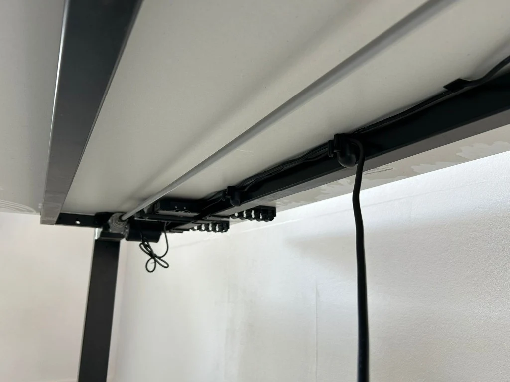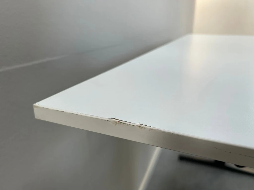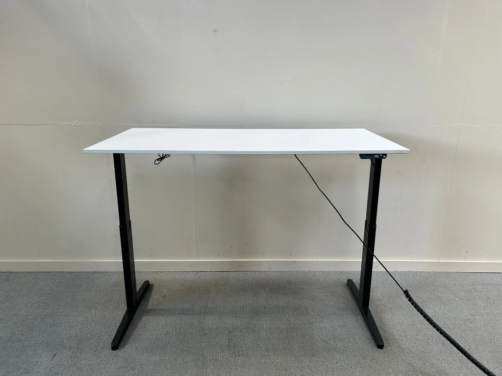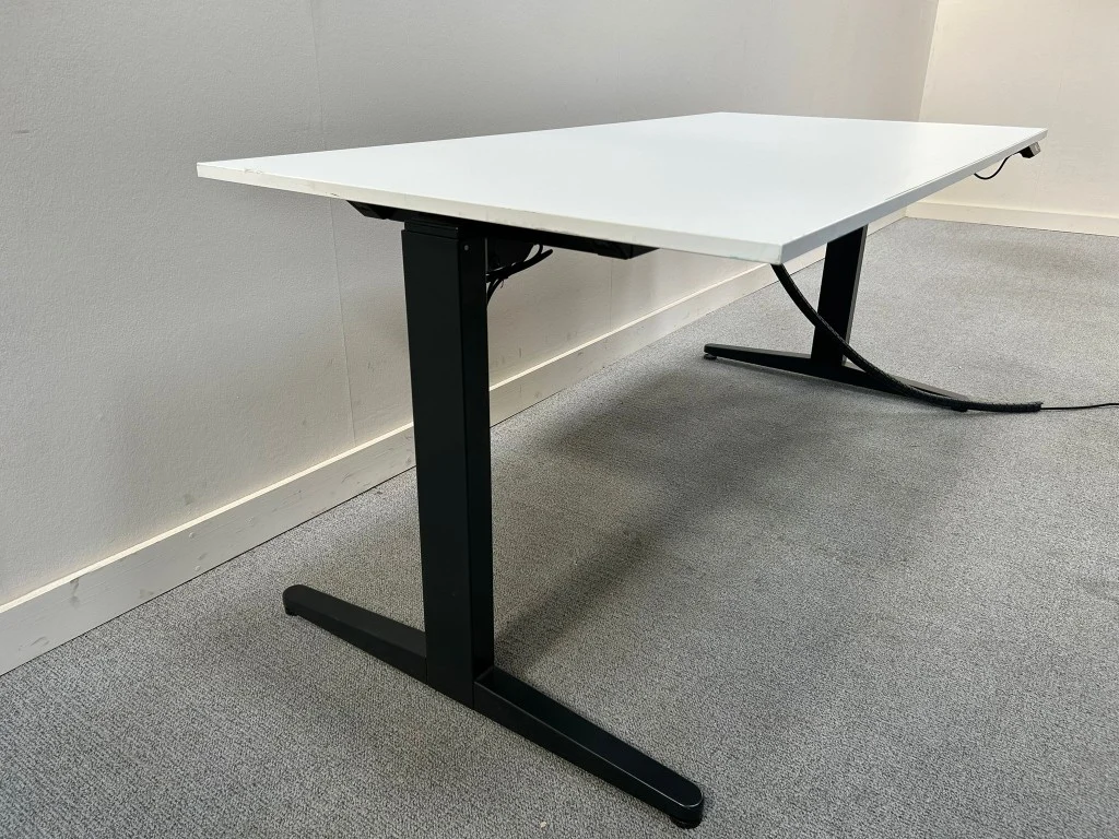 1x AHREND Elektrisch Zit-Sta Bureau B160xB80xH68-118 - Wit/Melamine/Zwart Metaal, met enkele gebruikssporen (V0391)
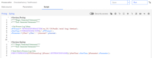 We have the code of the SYS.ProcessLog process in the screenshot below. The code in Prolog is divided into three sections: Define Constants, Move Records, and Record Parameters. The code is pretty self-explanatory, so we will not discuss the code line by line. There is no code in Epilog.
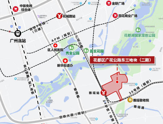 此外,地块地处地铁24号线、36号线、18号线北延线沿线,邻近广花六路、雅瑶中路, 距离东侧广东广雅中学(花都校区)0.4公里,距离花都区政府约4公里,距离广州北 站约2公里,距离白云国际机场约8公里,驾车40分钟可到达广州市区。而且,毗邻广雅中学、雅瑶小学等教育资源优质。
***
→ What the task asks
Output the lines of the data exactly, starting at the first and ending with the line that has "We have the". Pictures are not part of it.

→ Response to the task
 1x AHREND Elektrisch Zit-Sta Bureau B160xB80xH68-118 - Wit/Melamine/Zwart Metaal, met enkele gebruikssporen (V0391)
 We have the code of the SYS.ProcessLog process in the screenshot below. The code in Prolog is divided into three sections: Define Constants, Move Records, and Record Parameters. The code is pretty self-explanatory, so we will not discuss the code line by line. There is no code in Epilog.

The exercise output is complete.